— Your objective —
Print the data below exactly as it stands, and keep the pictures out.

— Data extract —
============================================================
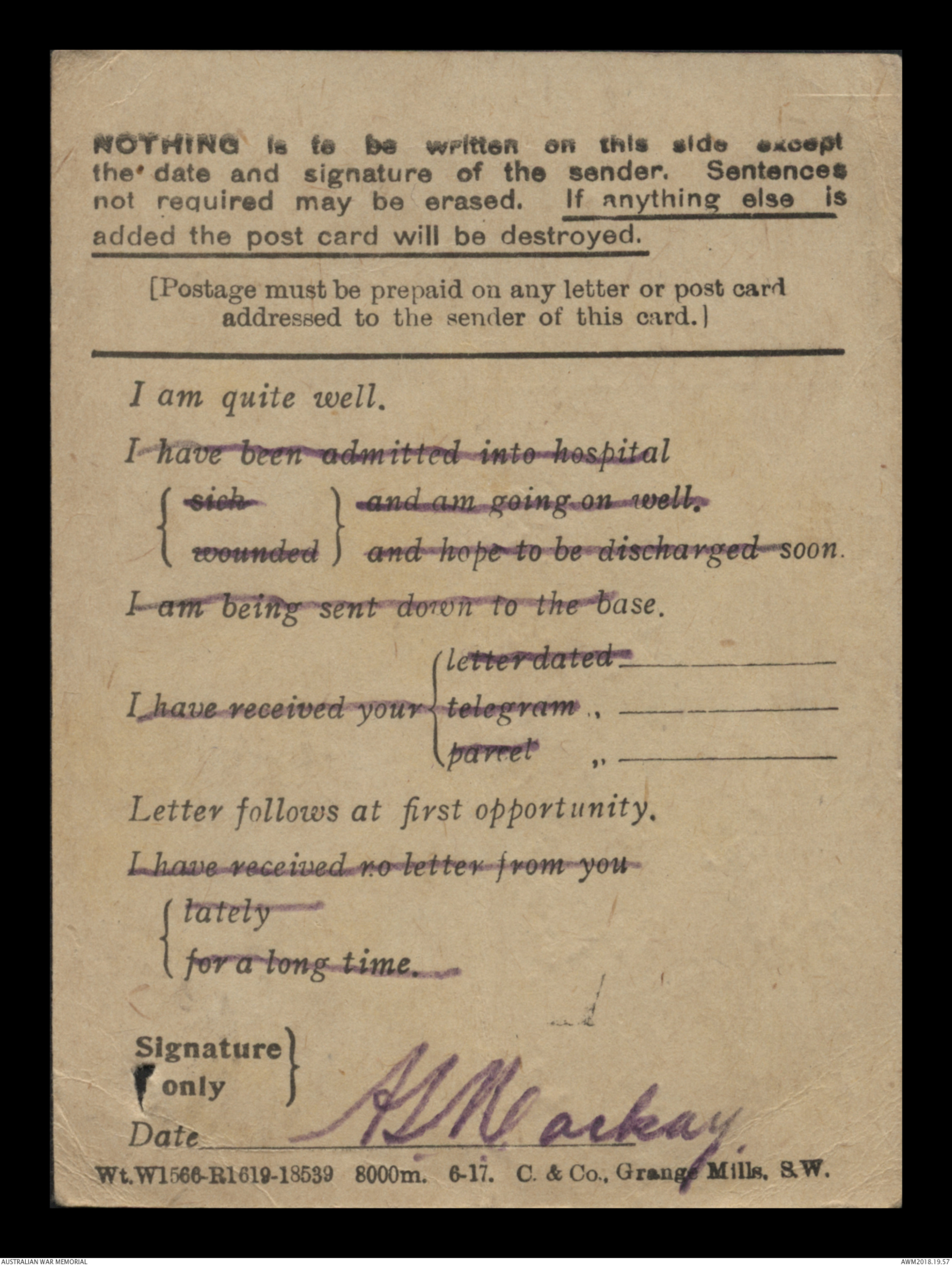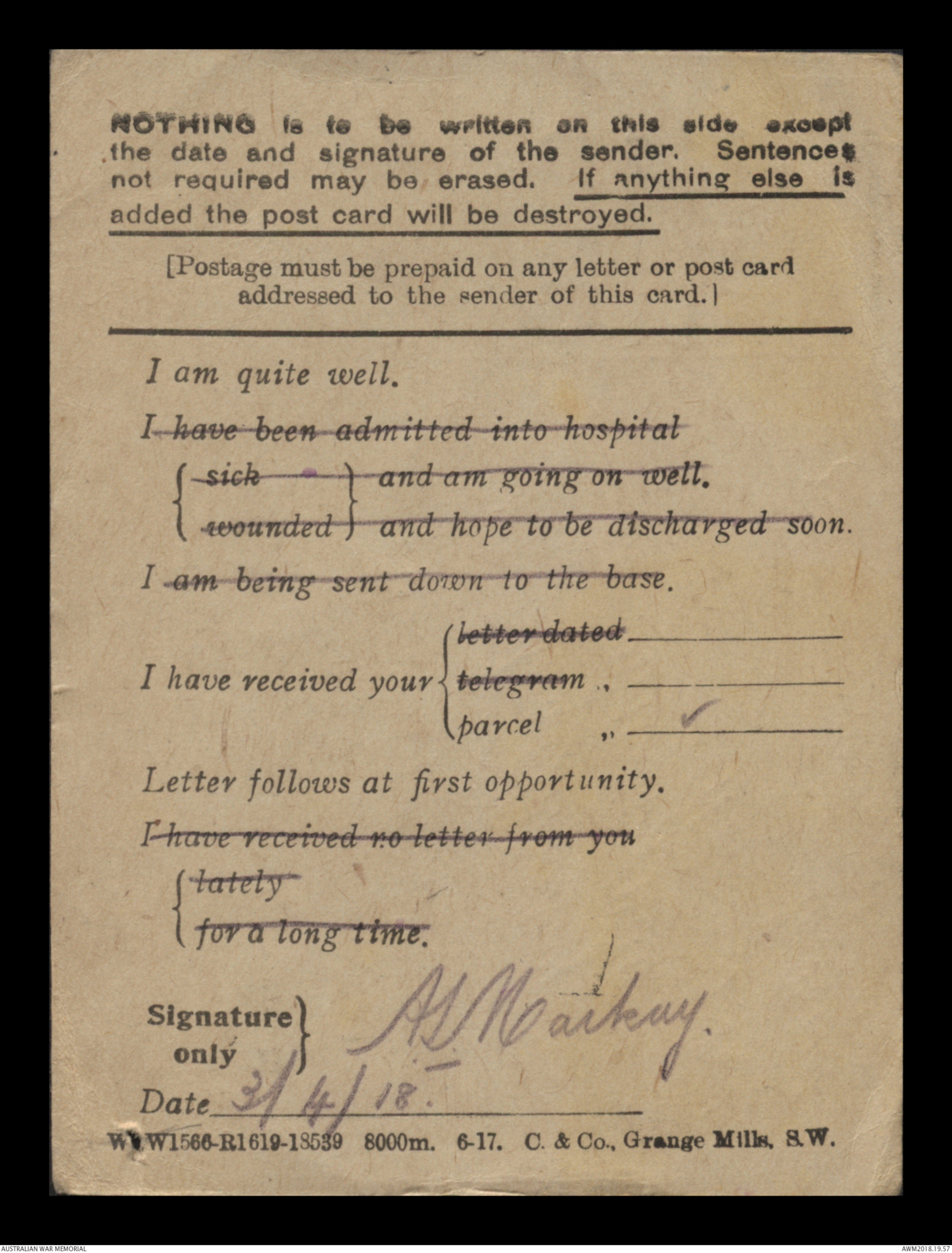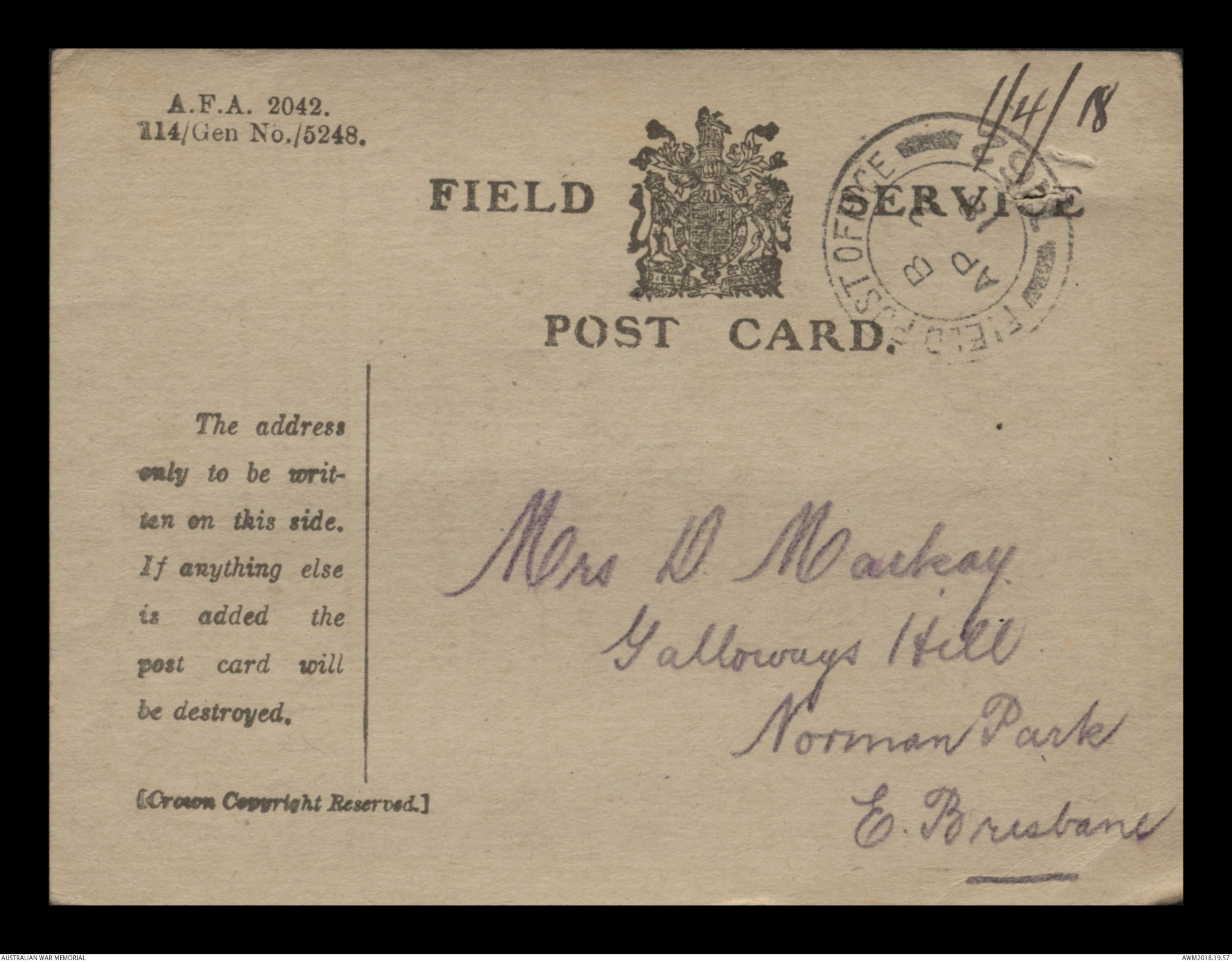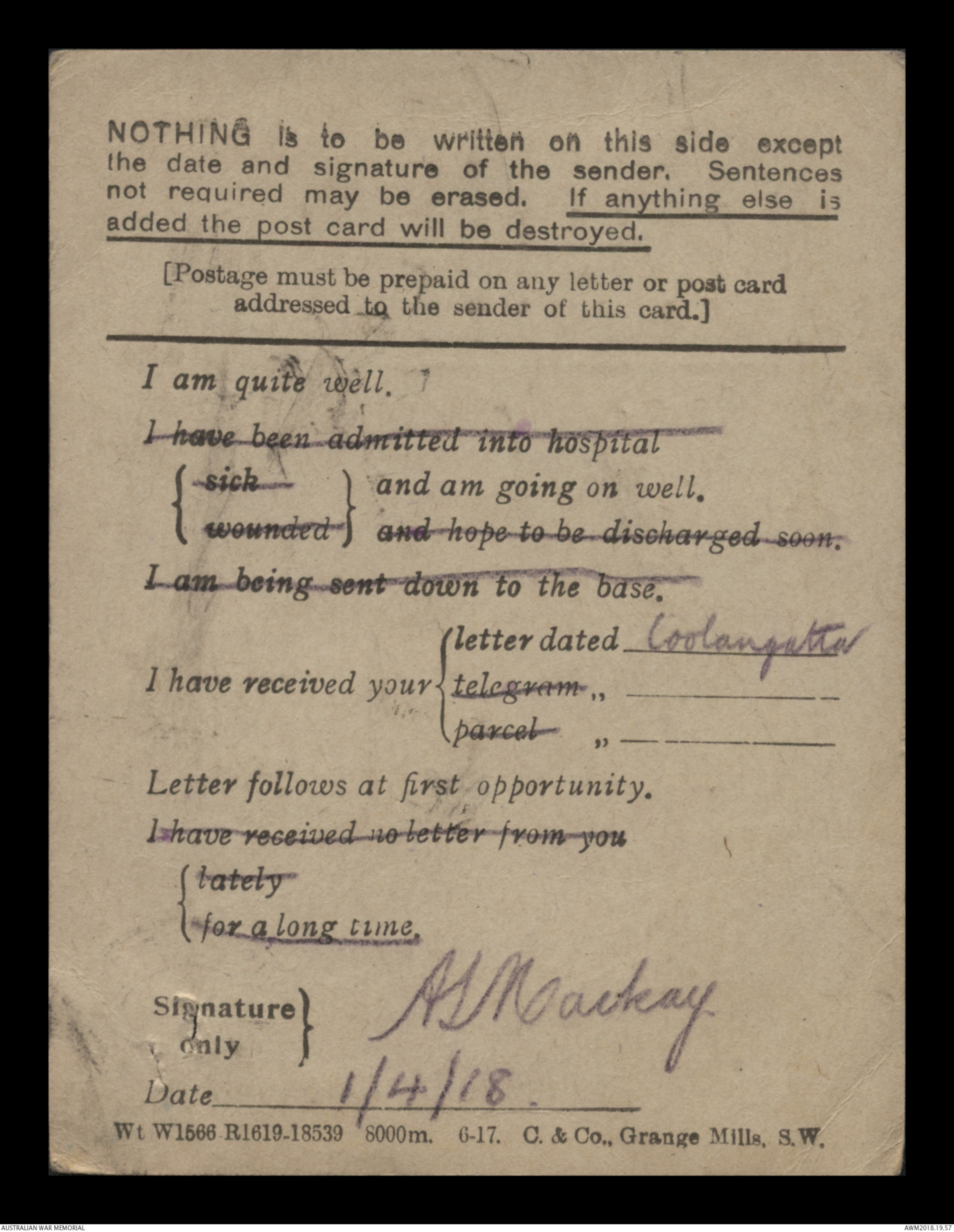 Letters from Alexander Sutherland Mackay to his Family, 1918 - Part 4
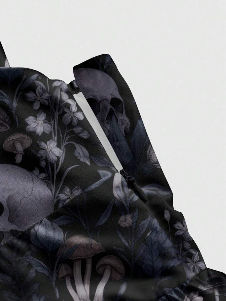 Gothic Dark Forest Vintage Skeleton Mushroom Leaf Print Slip Dress For Women
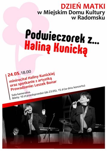 Miejski Dom Kultury w Radomsku 24 maja o godz. 18.00 zaprasza na „Podwieczorek z Haliną Kunicką”. Minikoncert i spotkanie z artystką, zorganizowane z okazji Dnia Matki poprowadzi Leszek Bonar - komentator i prezenter TVP Łódź.
============================================================
— Output for this exercise —
 Letters from Alexander Sutherland Mackay to his Family, 1918 - Part 4
 Gothic Dark Forest Vintage Skeleton Mushroom Leaf Print Slip Dress For Women
 Miejski Dom Kultury w Radomsku 24 maja o godz. 18.00 zaprasza na „Podwieczorek z Haliną Kunicką”. Minikoncert i spotkanie z artystką, zorganizowane z okazji Dnia Matki poprowadzi Leszek Bonar - komentator i prezenter TVP Łódź.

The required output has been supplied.